She sighs, draining her mug to bone-dust white, and then she rises. She stares at herself in the mirror over the sink, reflecting so recently a dead woman. Lady Lazarus, she thinks. Truly. She sighs, setting the porcelain down gently and turning to check her mail.

Two messages. She ignores the first, a request for services at an exorbitant price, and focuses on the other. She stares at it for a moment before she is able to fully comprehend. An image, unreal but of extreme quality. A dream-image, she thinks, a photo of a nightmare. She stares at her onscreen self and wonders if her eyes are always that dark. But behind her, the others . . . fallen and broken, and yet somehow still alive. And then she realises that the image of her has been blurred over a photo of her father, and she slams down the laptop screen as the source of the image resurfaces.
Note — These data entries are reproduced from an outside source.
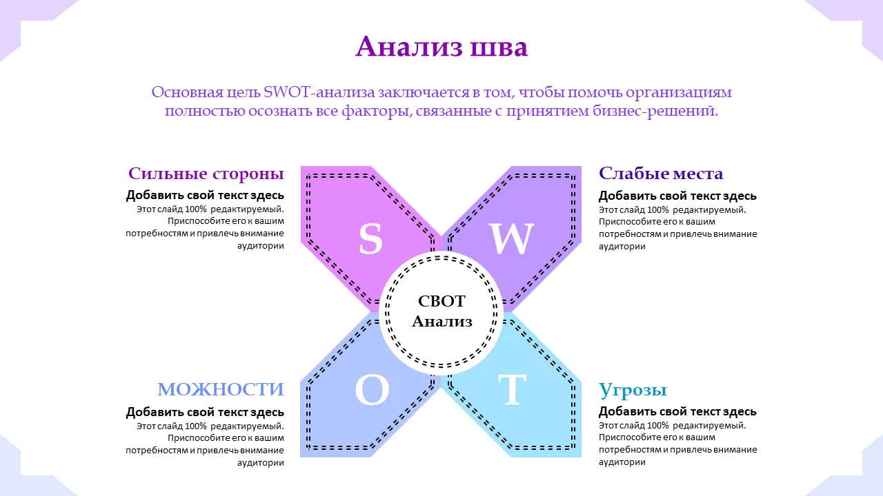 Профессионалы бизнеса в сфере консалтинга, корпоративной стратегии и управления используют этот шаблон для представления стратегических оценок заинтересованным сторонам, инвесторам или внутренним командам. Это особенно ценно в таких отраслях, как финансы, технологии и здравоохранение, где стратегическое позиционирование имеет решающее значение. Команды, готовящиеся к ежеквартальным обзорам, новостям для инвесторов или новым выходам на рынок, получают выгоду от структурированного подхода к оценке конкурентной среды и внутренних возможностей. Он также хорошо подходит для стартапов и масштабных компаний, которым необходимо сформулировать свое стратегическое позиционирование потенциальным партнерам или источникам финансирования.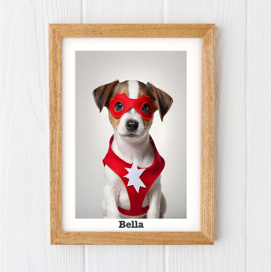 Children's Superhero tiny Dog print, Jack Russell puppy print superhero gift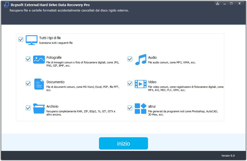 Scarica, installa e avvia il software Rcysoft External Hard Drive Data Recovery Pro sul tuo computer. Seleziona i tipi di file che vuoi recuperare e fai clic sul pulsante "Start".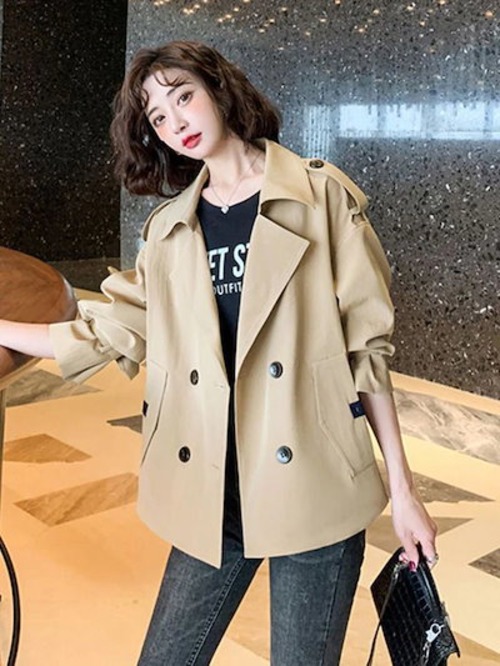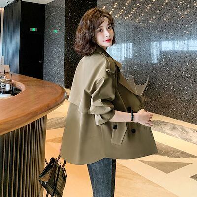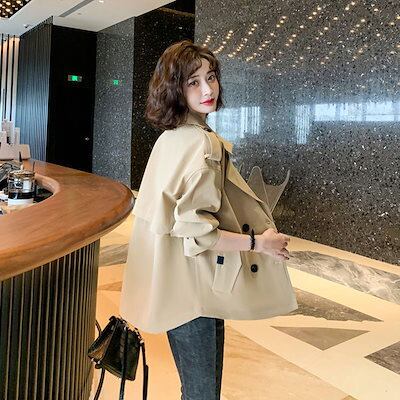 2024 人気 秋 トレンチコート 短いセクションのウィンドブレーカージャケット女性 新作 スーツカラー ロングスリーブ トップス ルーズ ジャケット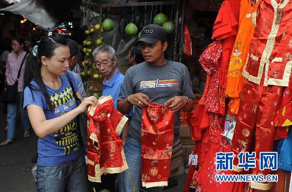 1月26日,在印度尼西亞首都雅加達,一位華人婦女在班芝蘭唐人街上購買喜慶的新年童裝。新華社記者姜帆攝
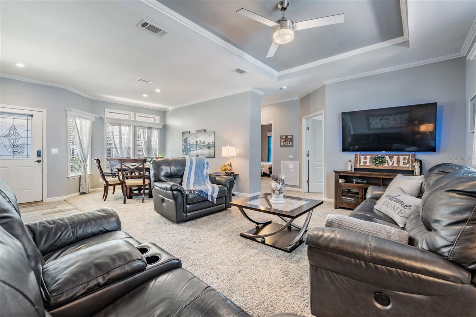 Melhor que novo e pronto para você! Linda 2023 Skyline Home em Grand Horizons, onde você possui sua terra, é carregado com mais de US $ 70.000 em recursos adicionais! A varanda da cadeira de balanço recebe você para se sentar e ficar um pouco com vista para o gramado da frente. A entrada deslumbrante da pavimentadora é ampliada para acomodar estacionamento lado a lado com garagem coberta e galpão enorme e anexo. Entre na linda porta da frente de vidro com chumbo na aterrissagem coberta em um espaçoso Greatroom com teto de bandeja e muitas janelas. Sala de jantar espaçosa e área de estar neste modelo Silver Springs Premier Le 5079 com planta baixa para maximizar o espaço divertido. A moldura da coroa ao longo deste interior recém -pintada aumenta o charme, com cornijas de madeira e janelas de popa coloridas adicionando muita luz natural. A cozinha da galera possui armários brancos e suaves com corda e molduras de coroa por cima e minimizam a iluminação abaixo, puxões inoxidáveis, geladeira familiar de Samsung Hub, utensílios de aço inoxidável LG, grande despensa de armário, balcões de mármore e um com comer no recanto do café da manhã com porta deslizante de vidro para acessar facilmente a vara da frente. Armador de lavanderia interior abriga a lavadora e secadora de alta eficiência de 2023 com a mesa dobrável acima e prateleiras personalizadas adicionadas para armazenamento adicional. O plano de quarto dividido tem o quarto principal na frente da casa, com 2 armários com organizadores embutidos, banheiro privativo com pias duplas, espelhos personalizados, iluminação atualizada e armário de água. O terceiro quarto está sendo usado como uma sala de artesanato/costura e seria um ótimo escritório/covil. O banheiro do Hall fica na asa de hóspedes e possui uma combinação de banheira/chuveiro, espelho atualizado, iluminação atualizada e um armário de linho profundo. Grande apelo ao meio -fio com a grama Lusch Saint Augustine, pátio paisagístico, rodapé de tijolos, calhas, garagem coberta profunda ... tempo suficiente para estacionar 2 carros e ter uma área de estar. O fechamento de mais de 55 anos da Grand Horizons oferece ruas particulares, terrenos bem bem cuidados e comodidades de propriedade residente: piscina aquecida e banheira de hidromassagem, belas vistas das colinas de East Pasco, clube com cozinha comercial, sala de bilhar, sala de artesanato/costura e biblioteca com filmes, quebra -cabeças, livros, jogos e DVDs. Atividades sociais planejadas, jantares de sorte, shows de jantar, excursões de viagem e entretenimento no local fornecido. Localizado a uma milha de instalações médicas, restaurantes, compras, boliche, teatro, grandes rodovias para facilitar o acesso a Tampa, Lakeland, Orlando, Ocala, aeroportos e as praias! Ligue hoje!

A nightmare. One of her most vivid, most recent. She shudders at the memory of the sensations that are always so real in sleep, and at the harsh reality of such sensations after dawn. Taking a deep breath, she steels herself as she raises the screen., forcing herself not to react at the sight of the - collage. She swallows, scrolling down past the image to the words beneath it.

I am.

There is nothing else. She sighs and stands, crossing out of the room and into the hall. He answers the door a moment after she knocks, looking slightly tired, something he tries to hide as soon as he sees her. She smiles half-heartedly at the attempt. "Morning," he greets her, moving out of the way so that she can enter.

"Morning. I just wanted to let you know that I'll be in my room most of the day, I think. On the computer." Simple enough, she thinks, and it is the truth.

"Alright," he answers. "Thanks - I mean,"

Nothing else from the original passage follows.